In his memoir, Fanning wrote that “Col. Alstine’s lady” was “begin” for mercy. “On her solicitation, I concluded to grant her request,” he added haughtily.

At the house museum, Temperance’s words to Fanning are remembered differently—and recited differently, in the annual re-enactment of the scene.“We will surrender, sir,” she says, bravely, “on condition that no one shall be injured; otherwise we will make the best defense we can and if need be, sell our lives as dearly as possible.”

Whatever the truth about the tone of their parley, Temperance Alston and the Loyalist commander—he no doubt sporting the distinctive silk skullcap he wore to cover his scars and sores— then cobbled together a surrender document that Alston signed.
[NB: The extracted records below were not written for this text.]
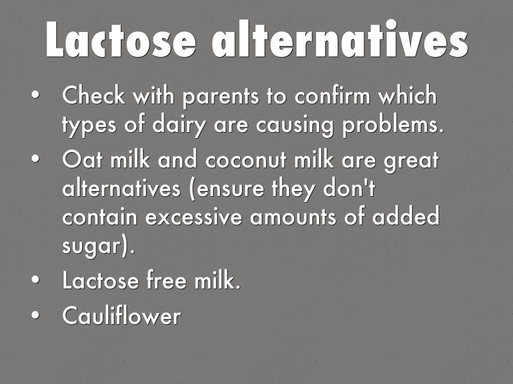 Each child will have different requirements when it comes to lactose intolerance. For example, many children with this condition can still consume cheese and yoghurt and are often okay with milk in baking but cannot tolerate glasses of milk. It is always best to check with parents and gather specific information (this will make your job in the kitchen much easier).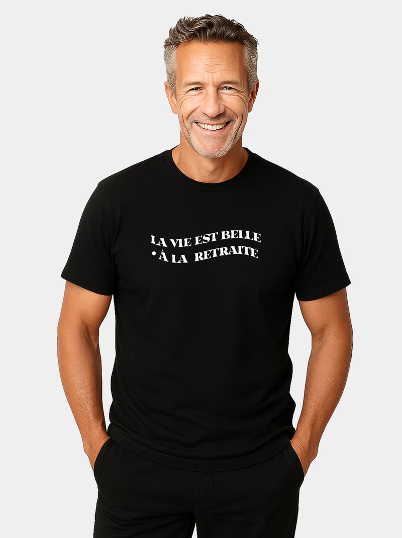 T-shirt Homme - LA VIE EST BELLE A LA RETRAITE - Noir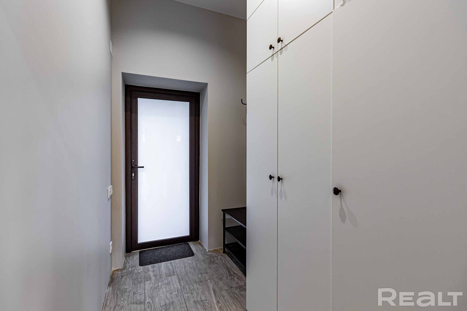 На входе установлены двери Alutech с «теплым» алюминиевым профилем и матовым ударопрочным стеклом. Они не промерзают и не ржавеют. Межкомнатные двери из крашенного МДФ.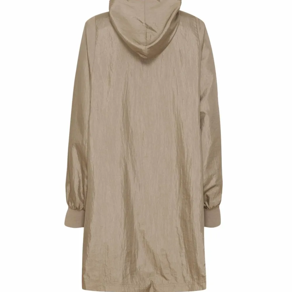 Trendy oversize overgangsjakke med hætte. Denne har en crinkled overflade, der giver jakken lidt kant med et shiny look. Jakken har blød rib nederst i ærmerne, to lommer foran samt tovejs lynlåslukning.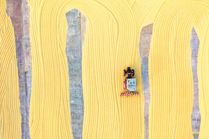 10月27日,連云港市海州區(qū)的江蘇農(nóng)墾崗埠農(nóng)場,職工駕駛糧食翻曬機械在場上來回穿梭,翻曬剛剛收獲的水稻。 陶桂軍 嚴(yán)連鳳 攝(視覺江蘇網(wǎng)供圖)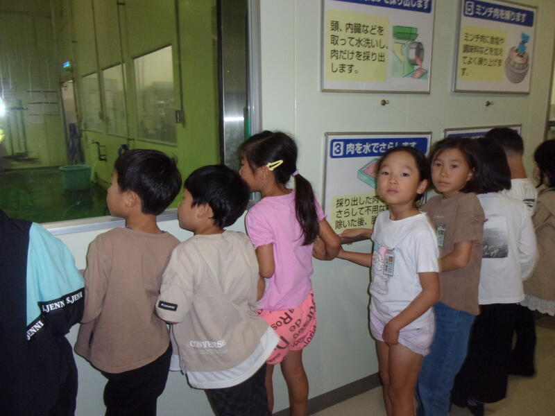 11月4日に秋の遠足に行きました。岸上蒲鉾工場を見学させてもらい、その後、道の駅北浦に行きました。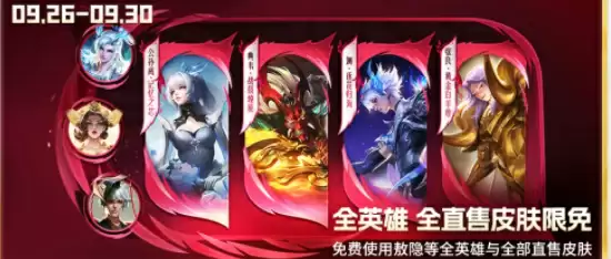 2、包含敖隐、武则天在内的全英雄和全直售皮肤限时免费体验 。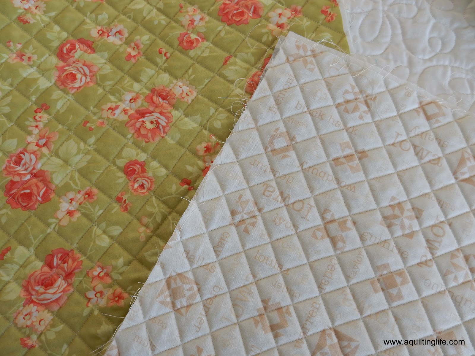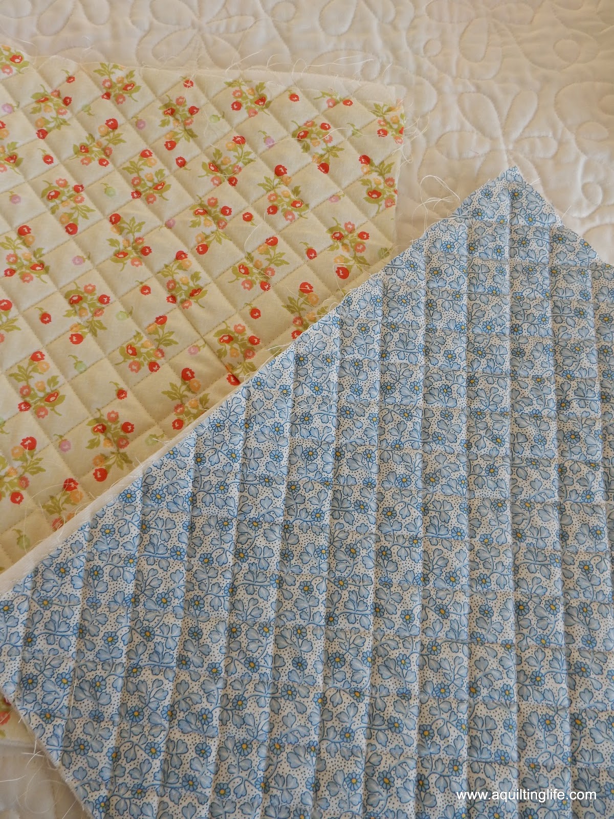 The back of the green Fig Tree print above has the light Fig Tree print below for backing. And the Iowa print above has the blue 30’s print on the other side.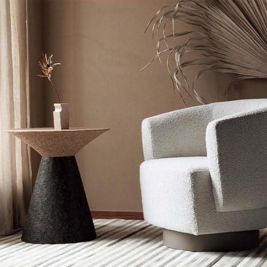 農業廃材(小枝や樹皮)を再製したサステナブル素材のサイドテーブル。マーブルの石の様にも、木材の様にも見える、不思議な温かみのあるデザインがお部屋にアクセントを与えます。 同シリーズのコーヒーテーブルやスツールと組み合わせてお使いいただけます。

It read:

I do hereby acknowledge myself a prisoner of War, upon my Parole to his Excellency Sir Henry Clinton, and that I am hereby engaged till I shall be exchanged or otherwise Released . . . I shall not in the mean time do or Cause any thing to be done prejuditial to the success of his Majesties arms or have Intercourse or hold Correspondence with the enemies of his Majesty.[5]

Lingering questions remain. Was Temperance acting as her husband’s mouthpiece—or did she compel Alston to surrender? If so, was he too afraid or ashamed to walk out that door and face his enemy as she had?

Regardless, the terms were quickly ignored: Alston went on to do a number of things “prejuditial” to both the king and his arms, not to mention any number of Moore County elected officials. Not long after he signed his pledge of neutrality, he was back fighting with the rebels. During a skirmish in Georgia, he was captured again by Loyalists. After the war, he became a state senator, but allegations shadowed him. Directed by the Moore County clerk of court George Glascock, a number of charges—from murder to his alleged disbelief in God—were levied against the colonel.

Hounded by Glascock, the volatile Alston struck back. In 1787, he hosted a public dinner party at the House in the Horseshoe. Many were invited, and Alston made sure to make himself visible to all in attendance. That night, while the party was in full swing, Glascock was murdered. The alleged killer was an enslaved man of Alston’s named Dave. The furor over the murder of a court official eventually forced Alston to flee the house. (It was later bought by Benjamin Williams, governor of North Carolina, who was also a colonel under George Washington and fought at the Battle of Guilford Courthouse.)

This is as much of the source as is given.